The users asked for implement (add a new row). Here we see how to add a row in a defined index or add a column.

@PirateApp 2019-03-06 17:15:52

any benchmarks on how this works out compared to the dict method

@waterproof 2019-07-25 16:41:39

this is not efficient as it actually copies the entire DataFrame.

@qed 2016-11-11 18:18:09

Another way to do it (probably not very performant):

# add a row
def add_row(df, row):
    colnames = list(df.columns)
    ncol = len(colnames)
    assert ncol == len(row), "Length of row must be the same as width of DataFrame: %s" % row
    return df.append(pd.DataFrame([row], columns=colnames))

You can also enhance the DataFrame class like this:

import pandas as pd
def add_row(self, row):
    self.loc[len(self.index)] = row
pd.DataFrame.add_row = add_row

@Jack Daniel 2016-07-18 09:54:03

Create a new record(data frame) and add to old_data_frame.
pass list of values and corresponding column names to create a new_record (data_frame)

new_record = pd.DataFrame([[0,'abcd',0,1,123]],columns=['a','b','c','d','e'])

old_data_frame = pd.concat([old_data_frame,new_record])

@user3250815 2016-07-13 09:49:18

This is not an answer to the OP question but a toy example to illustrate the answer of @ShikharDua above which I found very useful.

While this fragment is trivial, in the actual data I had 1,000s of rows, and many columns, and I wished to be able to group by different columns and then perform the stats below for more than one taget column. So having a reliable method for building the data frame one row at a time was a great convenience. Thank you @ShikharDua !

import pandas as pd 

BaseData = pd.DataFrame({ 'Customer' : ['Acme','Mega','Acme','Acme','Mega','Acme'],
                          'Territory'  : ['West','East','South','West','East','South'],
                          'Product'  : ['Econ','Luxe','Econ','Std','Std','Econ']})
BaseData

columns = ['Customer','Num Unique Products', 'List Unique Products']

rows_list=[]
for name, group in BaseData.groupby('Customer'):
    RecordtoAdd={} #initialise an empty dict 
    RecordtoAdd.update({'Customer' : name}) #
    RecordtoAdd.update({'Num Unique Products' : len(pd.unique(group['Product']))})      
    RecordtoAdd.update({'List Unique Products' : pd.unique(group['Product'])})                   

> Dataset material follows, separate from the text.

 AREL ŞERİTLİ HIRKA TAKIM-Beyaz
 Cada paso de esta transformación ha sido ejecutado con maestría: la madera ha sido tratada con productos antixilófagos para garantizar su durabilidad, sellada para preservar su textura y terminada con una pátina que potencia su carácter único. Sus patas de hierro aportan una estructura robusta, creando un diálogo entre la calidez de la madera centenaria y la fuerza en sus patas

    rows_list.append(RecordtoAdd)

AnalysedData = pd.DataFrame(rows_list)

print('Base Data : \n',BaseData,'\n\n Analysed Data : \n',AnalysedData)

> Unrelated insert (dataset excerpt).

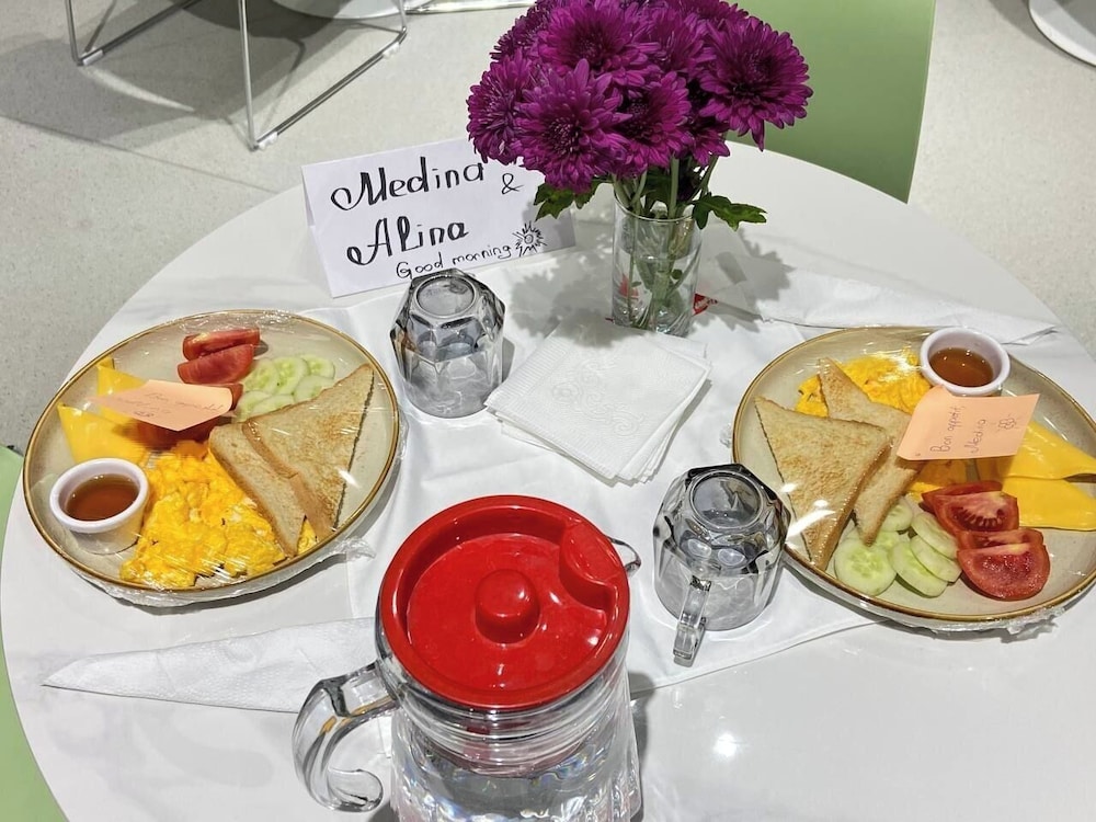 Enkele van de voorzieningen zijn gratis kabelinternet, een 24-uurs businesscentrum en een stomerij/wasserijservice. Plan je een evenement in Bisjkek? Kies voor dit hostal met 110 vierkante meter aan ruimte, waaronder een conferentieruimte en 4 vergaderruimtes. De accommodatie heeft een terras waar je van het uitzicht kunt genieten, maar profiteer ook van een gemeenschappelijke woonkamer en een receptieruimte. Geniet van een lunch, diner of brunch bij Asahi, een restaurant gespecialiseerd in lokale en internationale gerechten. In de koffiebar/het café kun je terecht voor snacks. Dagelijks kun je tegen betaling genieten van een lekker continentaal ontbijt, dat geserveerd wordt van 08.00 uur tot 13.00 uur.- Toeslag voor het continentaal ontbijt: ca. USD 3.40 per persoon
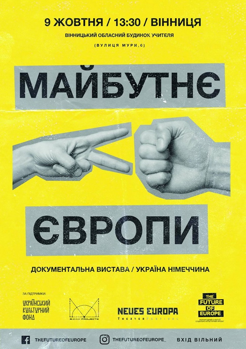 9 жовтня у Вінниці покажуть виставу «Майбутнє Європи». Це документальна вистава про життя 15-ти підлітків, дитинство яких пройшло на Донбасі. Орієнтована на глядацьку аудиторію від 14 до 20 років.

@W.P. McNeill 2016-02-23 16:43:07

You can append a single row as a dictionary using the ignore_index option.

>>> f = pandas.DataFrame(data = {'Animal':['cow','horse'], 'Color':['blue', 'red']})
>>> f
  Animal Color
0    cow  blue
1  horse   red
>>> f.append({'Animal':'mouse', 'Color':'black'}, ignore_index=True)
  Animal  Color
0    cow   blue
1  horse    red
2  mouse  black

@Blairg23 2016-05-28 03:57:05

You might also mention that f.append(<stuff>) creates a new object, rather than simply appending to the current object in place, so if you're trying to append to a dataframe in a script, you need to say f = f.append(<stuff>)

@lol 2016-11-08 03:48:15

is there a way to do this in place?

@waterproof 2019-07-25 16:42:48

@lol no. see github.com/pandas-dev/pandas/issues/2801 - the underlying arrays can't be extended so they have to be copied.

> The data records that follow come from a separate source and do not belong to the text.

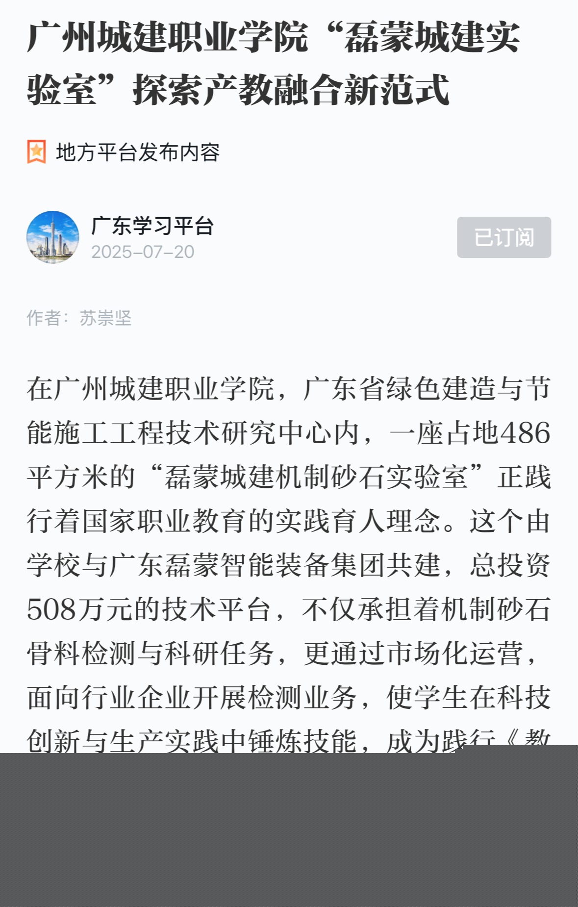 在廣州城建職業(yè)學(xué)院,廣東省綠色建造與節(jié)能施工工程技術(shù)研究中心內(nèi),一座占地486平方米的“磊蒙城建機(jī)制砂石實(shí)驗(yàn)室”正踐行著國家職業(yè)教育的實(shí)踐育人理念。這個(gè)由學(xué)校與廣東磊蒙智能裝備集團(tuán)共建,總投資508萬元的技術(shù)平臺(tái),不僅承擔(dān)著機(jī)制砂石骨料檢測與科研任務(wù),更通過市場化運(yùn)營,面向行業(yè)企業(yè)開展檢測業(yè)務(wù),使學(xué)生在科技創(chuàng)新與生產(chǎn)實(shí)踐中錘煉技能,成為踐行《教育強(qiáng)國建設(shè)規(guī)劃綱要(2024—2035年)》“推動(dòng)教育鏈、人才鏈與產(chǎn)業(yè)鏈深度對(duì)接”的生動(dòng)樣板。
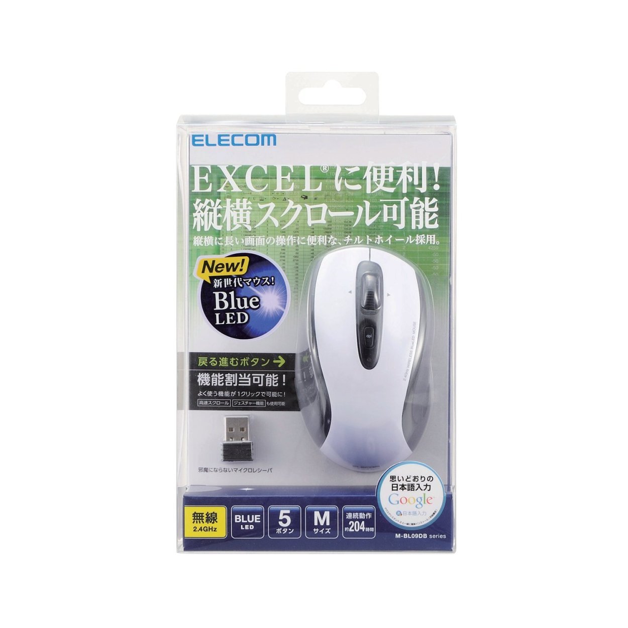 A tilt wheel that allows side scrolling just by tilting the wheel! BlueLED mouse equipped with 5 buttons that can be assigned to frequently used functions.
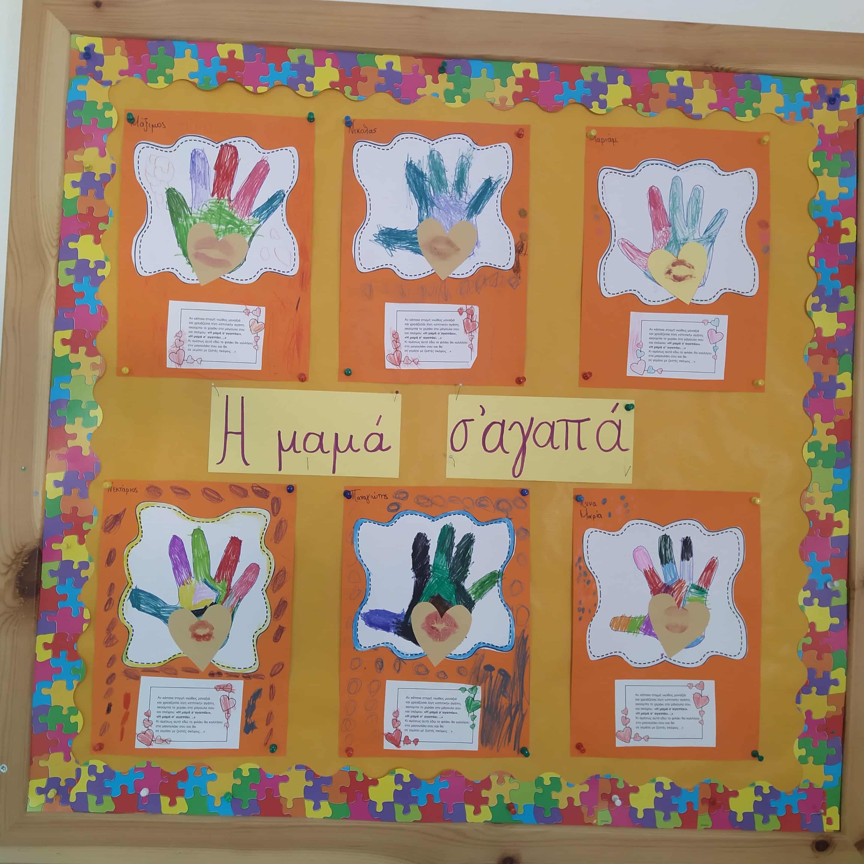 Παράλληλα παίξαμε παιχνίδια συνεργασίας και με το αποτύπωμα της παλάμης μας θυμηθήκαμε τα πρώτα συναισθήματα που είχαμε τις πρώτες μέρες στο νηπιαγωγείο.
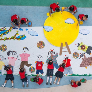 9月8日,長(cháng)橋中心幼兒園的孩子們在老師的帶領(lǐng)下用廢舊衣物等創(chuàng )作“月圓人團圓”環(huán)保創(chuàng )意畫(huà)(無(wú)人機照片)。
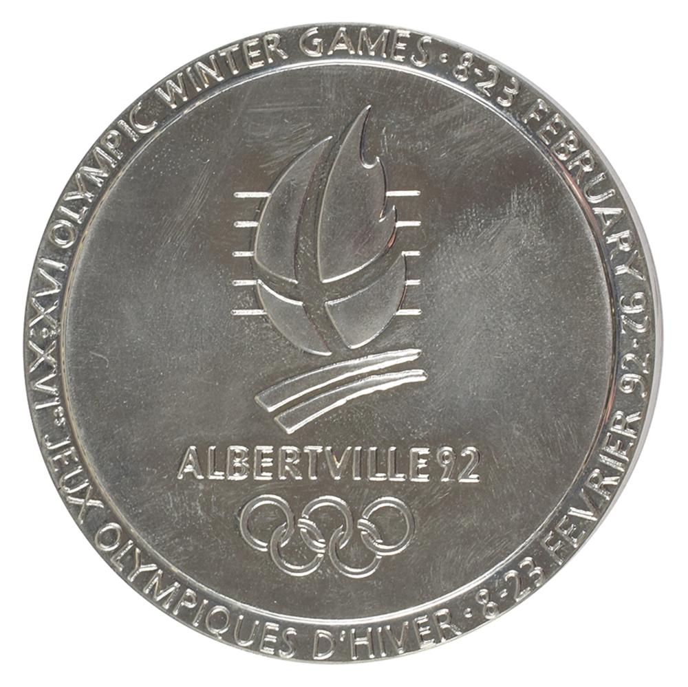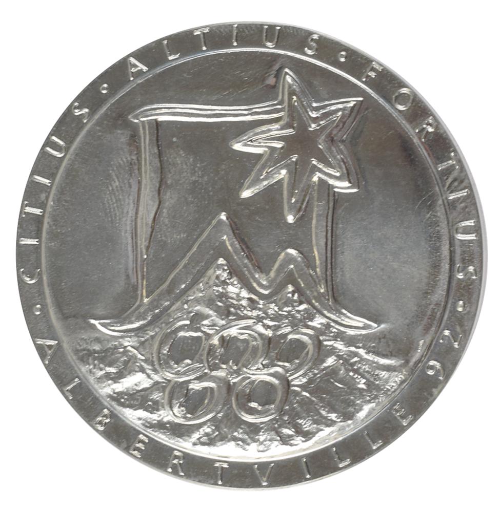 Participation medal issued for the Albertville 1992 Winter Olympics. Chrome-plated steel, 68 mm, 198 gm, by Renee Mayott and struck by the official French Mint, Monnaie de Paris. The front depicts the Albertville Games emblem encircled with French and English text, "XVI Olympic Winter Games 8-23 February 92, XVI Jeux Olympiques D'hiver 8-23 Fevrier 92"; the reverse depicts a star hanging over the Alps and Olympic rings, encircled with the Olympic motto, "Citius, Altius, Fortius, Albertville 92."
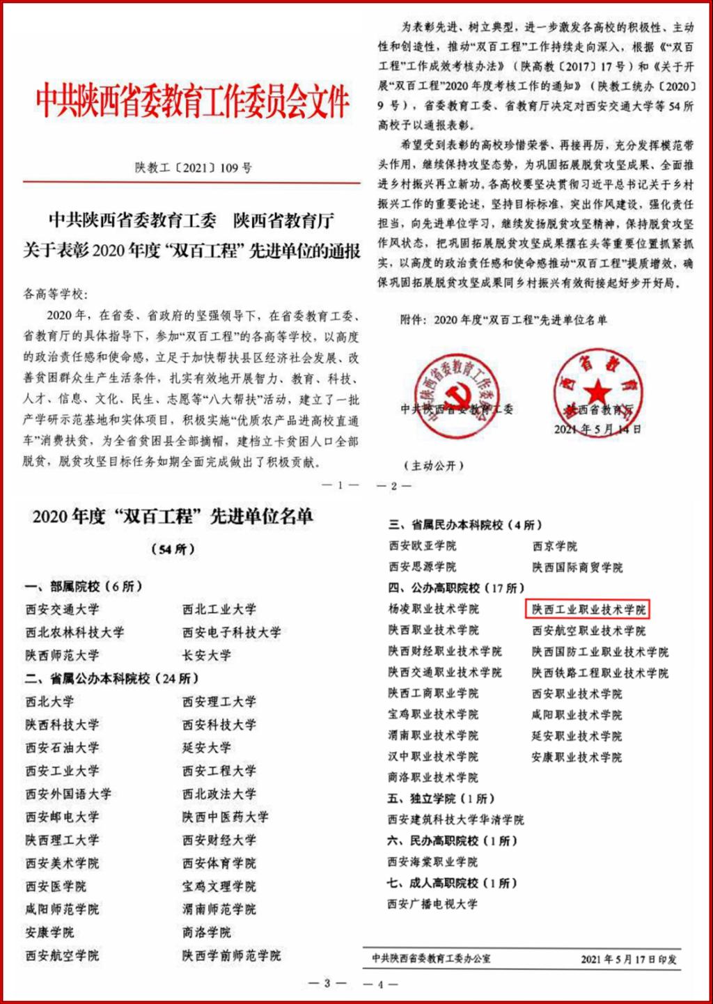 日前,中共陕西省委教育工委 、陕西省教育厅下发《关于表彰2020年度“双百工程”先进单位的通报》(陕教工【2021】109号)文件,我校在2020年度“双百工程”脱贫攻坚工作考核中荣获先进单位。
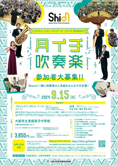 日本で最も長い歴史と伝統を誇る交響吹奏楽団のOsaka Shion Wind Orchestraを有する公益社団法人 大阪市音楽団(本社:大阪市住之江区/理事長:石井徹哉)は、月に一度、楽器を持っている方が集まって、Shionメンバーと一緒に吹奏楽曲を演奏できる人気イベント「月イチ吹奏楽」を2024年9月15日(日)に開催いたします。

@Lydia 2015-06-24 21:06:31

mycolumns = ['A', 'B']
df = pd.DataFrame(columns=mycolumns)
rows = [[1,2],[3,4],[5,6]]
for row in rows:
    df.loc[len(df)] = row

@jhin 2016-03-09 00:00:04

This! I've been searching for quite a while, and this is the first post that really shows how to assign particular values to a row! Bonus question: Which is the syntax for column-name/value pairs? I guess it must be something using a dict, but I can't seem to get it right.

@waterproof 2019-07-25 16:42:15

this is not efficient as it actually copies the entire DataFrame when you extend it.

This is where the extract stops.